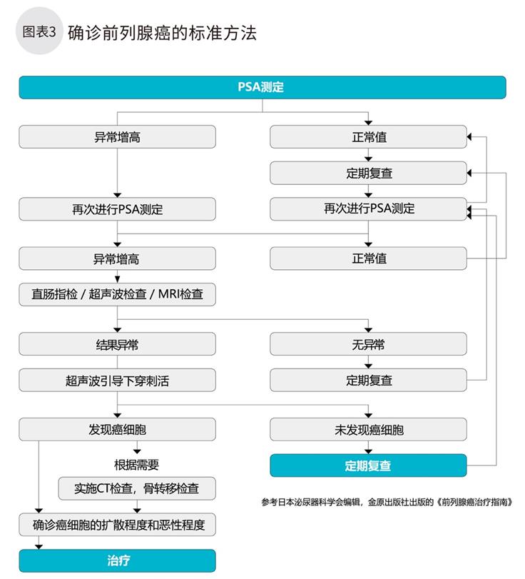 通常無明顯癥狀的情況下,首先進(jìn)行PSA測(cè)定,根據(jù)測(cè)定值再選擇直腸指檢,超聲波檢查,MRI檢查。通常在健康體檢時(shí),為了提高檢查的精度,同時(shí)進(jìn)行PSA測(cè)定和直腸指檢。
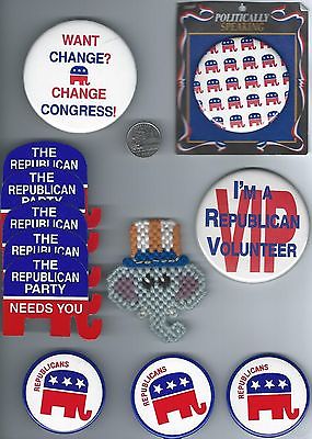 Title (ebay affiliate link): REPUBLCAN Party Mixed LOT-- Buttons, Pins, Stickers, Lapel Pins, Magnets
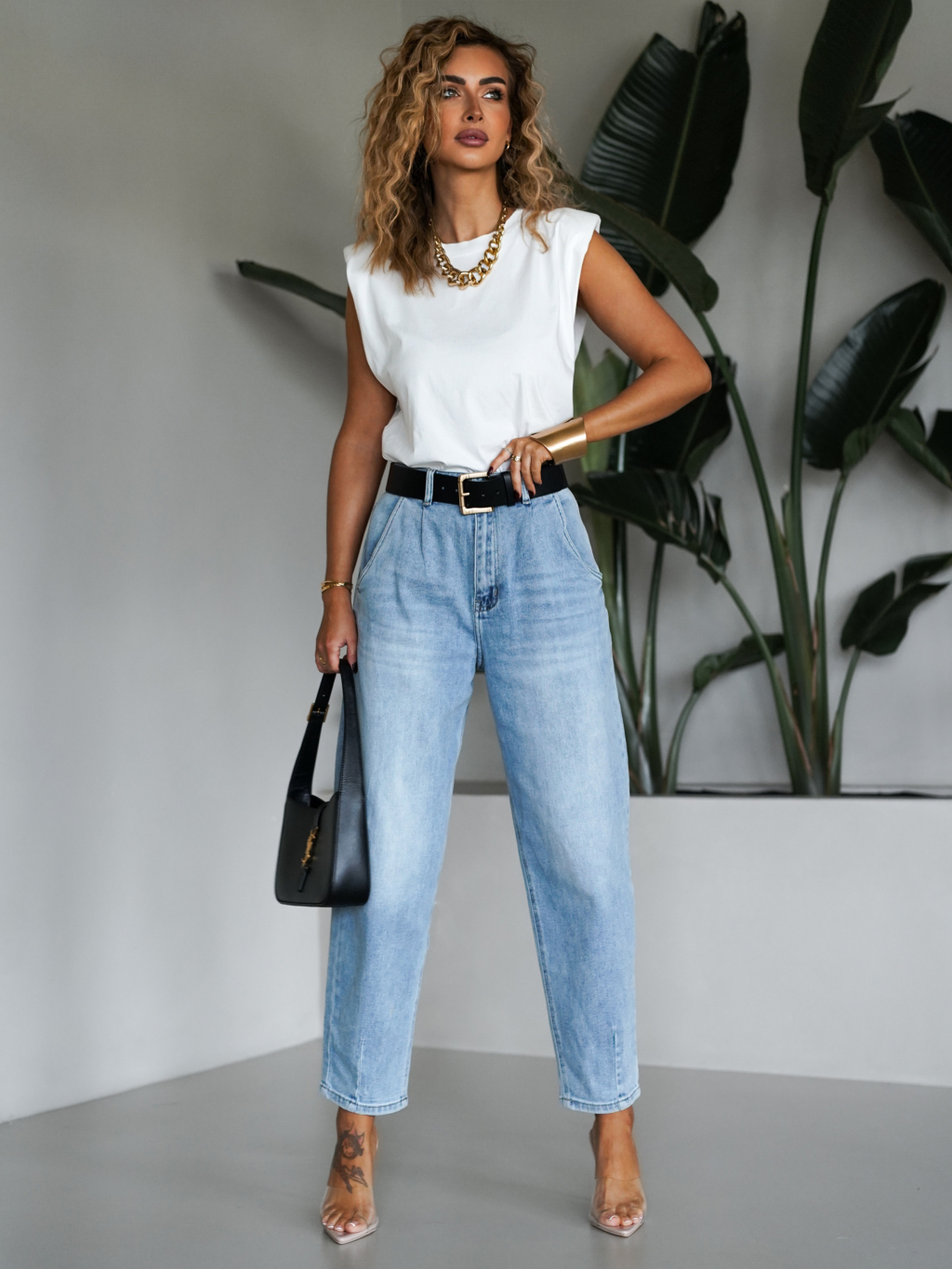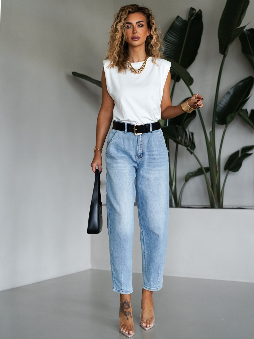 Modré široké mom džíny CASSIAN
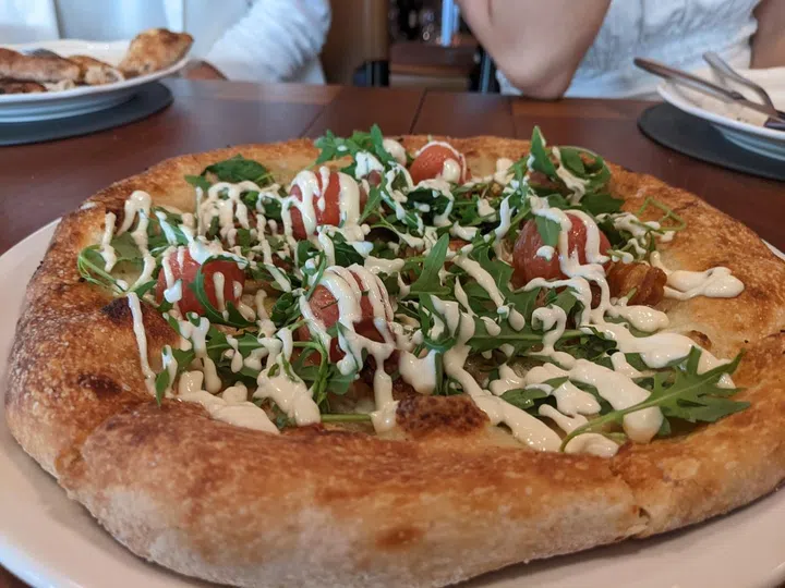 Encircling the pizza crust is a puffy and airy cornicione that has been baked brown evenly in the woodfired oven with California almond wood, which is known for its fruit-forward wood flavour.
· · · · · · ·
(Task statement): Final stretch of the data: repeat exactly each line from the one containing "Modré široké mom džíny CASSIAN" through the last, and omit all pictures.

(Response to this task):
 Modré široké mom džíny CASSIAN
 Encircling the pizza crust is a puffy and airy cornicione that has been baked brown evenly in the woodfired oven with California almond wood, which is known for its fruit-forward wood flavour.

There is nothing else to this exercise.